Синдром переднего большеберцово-таранного соударения
Основные признаки
Следует отличать от синдрома переднебокового большеберцово-таранного соударения.
Боль при тыльном сгибании стопы.
Постепенно нарастающая боль в голени.
Связь боли с движением и отсутствие ее в покое.
Болезненность при пальпации передней или переднебоковой поверхности голеностопного сустава.
Патогенез
Впервые заболевание было описано в 1943 г как «голеностопный сустав спортсмена» а позднее, в 1950 г., как «голеностопный сустав футболиста». В 1954 г. оно получило название «компрессионного большеберцово-таранного экзостоза». При частом полном (до отказа) тыльном сгибании стопы, какое требуется при игре в футбол, в том числе американский, и занятиях танцами и гимнастикой, возникают многократные незначительные повреждения передних связок голеностопного сустава. Это приводит к многократным повреждениям переднего отдела капсулы сустава и микротравмам суставного хряща большеберцовой кости. Замыкается порочный круг, состоящий из микротравм, воспаления и рубцевания капсулы с последующим обызвествлением и, наконец, образованием костных выростов — остеофитов, которые и вызывают боль. По мере роста остеофиты могут упираться друг в друга и ограничивать тыльное сгибание стопы. Остеофиты могут также ломаться с образованием суставных мышей.
Профилактика
Предотвратить заболевание крайне сложно, так как оно поддерживается непрерывными микротравмами. У футболистов пробовали использовать щитки для голеней, заходящие на голеностопный сустав, но безуспешно, так как щитки ухудшали технику футболистов. Профессиональным спортсменам можно порекомендовать упражнения для растягивания и укрепления мышц и бинтование голеностопного сустава, чтобы уменьшить тыльное сгибание стопы. При появлении боли в голени или небольшом растяжении связок следует приложить лед: это может предотвратить развитие хронического воспаления и рубцевания.
Анамнез и жалобы
Обычно больные жалуются на боль по передней поверхности голени или в среднем отделе стопы, иррадиирующую на латеральную поверхность голеностопного сустава или по ходу малоберцовой кости. Вначале боль возникает при интенсивной нагрузке и после ее прекращения быстро проходит. Постепенно присоединяется боль при легкой и даже повседневной нагрузке, а возможно, и в покое. Больные обычно жалуются на тугоподвижность голеностопного сустава, им трудно подниматься по лестнице и приседать на корточки.

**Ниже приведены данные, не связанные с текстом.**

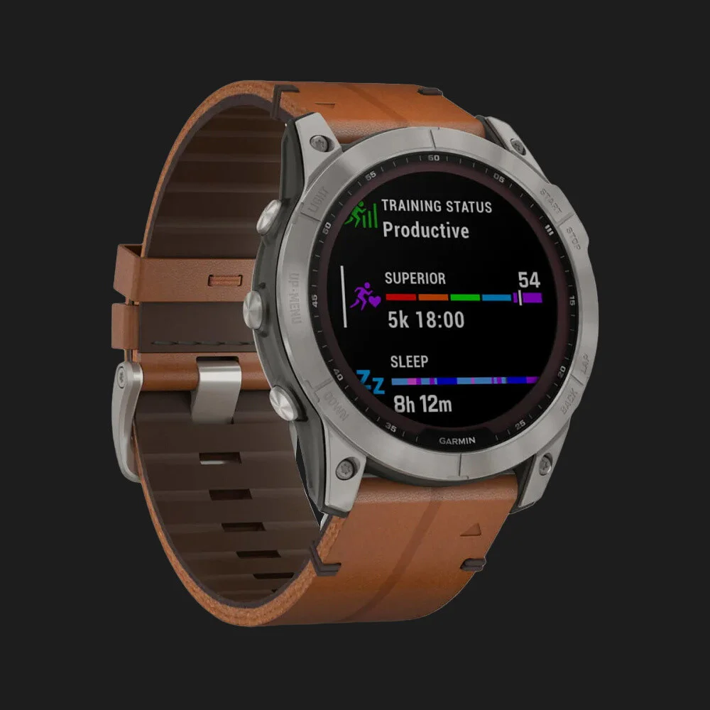 Garmin Fenix 7X Sapphire Solar Titanium with Chestnut Leather Band

Физикальное исследование[Править]
При физикальном исследовании определяется резкая боль при пальпации переднего края большеберцовой кости и, реже, тыльной поверхности таранной кости, когда стопа согнута к подошве. На тыльной поверхности таранной кости можно прощупать возвышение. Тыльное сгибание обычно ограничено, эластичность сухожилий снижена. Признаков повреждения связок голеностопного сустава обычно нет.
Лучевая диагностика
На рентгенограммах голеностопного сустава видно, что передний край большеберцовой кости утратил характерную округлость контура. Иногда на тыльной поверхности шейки таранной кости можно увидеть костный нарост. При фрагментации наростов образуются суставные мыши.
Лечение
Первый, консервативный, этап лечения включает покой и противоспалительные средства. При сохранении симптомов больному на 4—6 нед надевают ортез или накладывают гипсовый сапожок. Хирургическое лечение показано при сохранении симптомов после консервативного лечения и уменьшения физических нагрузок.

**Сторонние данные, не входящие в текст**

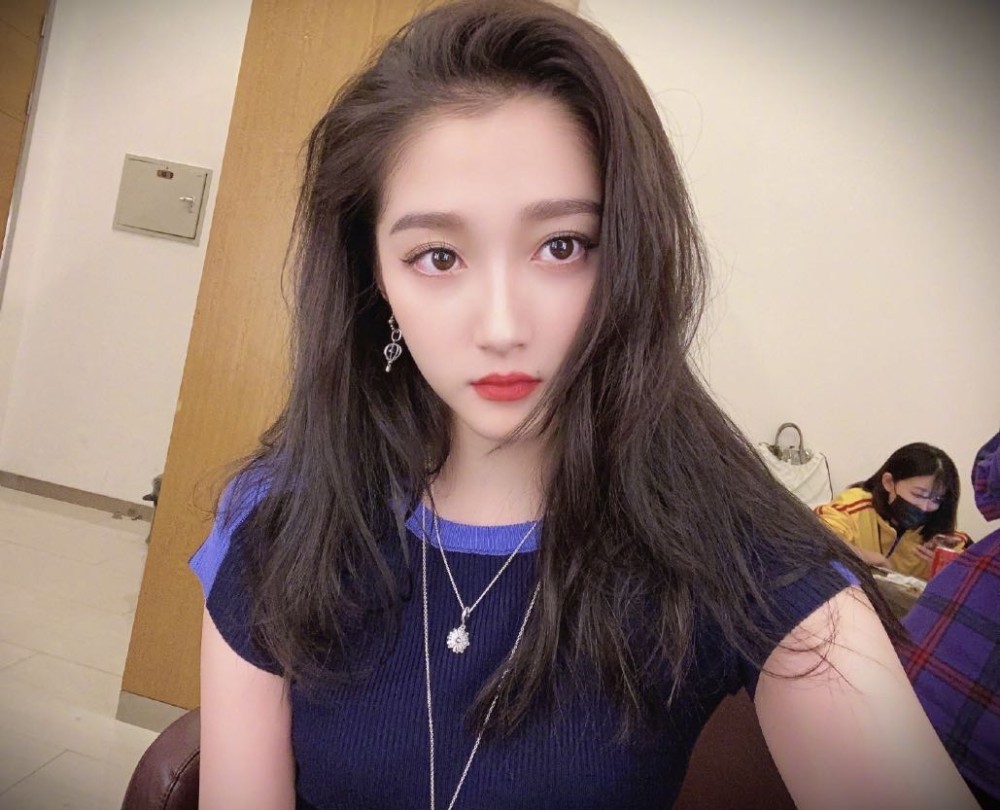 蓝色针织短袖,长发披肩的造型是《王牌对王牌》跳现代舞那一次,好身材让不少人羡慕。

Хирургическое лечение заключается в удалении остеофитов: переднего остеофита большеберцовой кости и тыльного остеофита на шейке таранной кости. Операцию выполняют артроскопически или открытым способом через небольшой разрез. После артроскопии спортсмены быстрее возвращаются к нагрузкам. Артроскопия дает возможность исследовать полость сустава и выявить сопутствующую патологию: дефекты кости и хряща, суставные мыши, образование рубцовой ткани. При синдроме перед небокового большеберцово-таранного соударения артроскопический метод предпочтительнее.

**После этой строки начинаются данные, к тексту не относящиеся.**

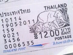タイから(自宅宛に)送ったエアメール、切手が象さんだあああああかわいいいい象さん!象さんって!お茶目!!!

Задача послеоперационной реабилитации — восстановление подвижности и мышечной силы. Постепенное возвращение к нагрузкам можно начинать после заживления операционных ран.
Возвращение к спорту
Спортсмен может вернуться к соревнованиям после восстановления полного объема движений и на 80—100% силы супинации, пронации, сгибания и разгибания в суставе.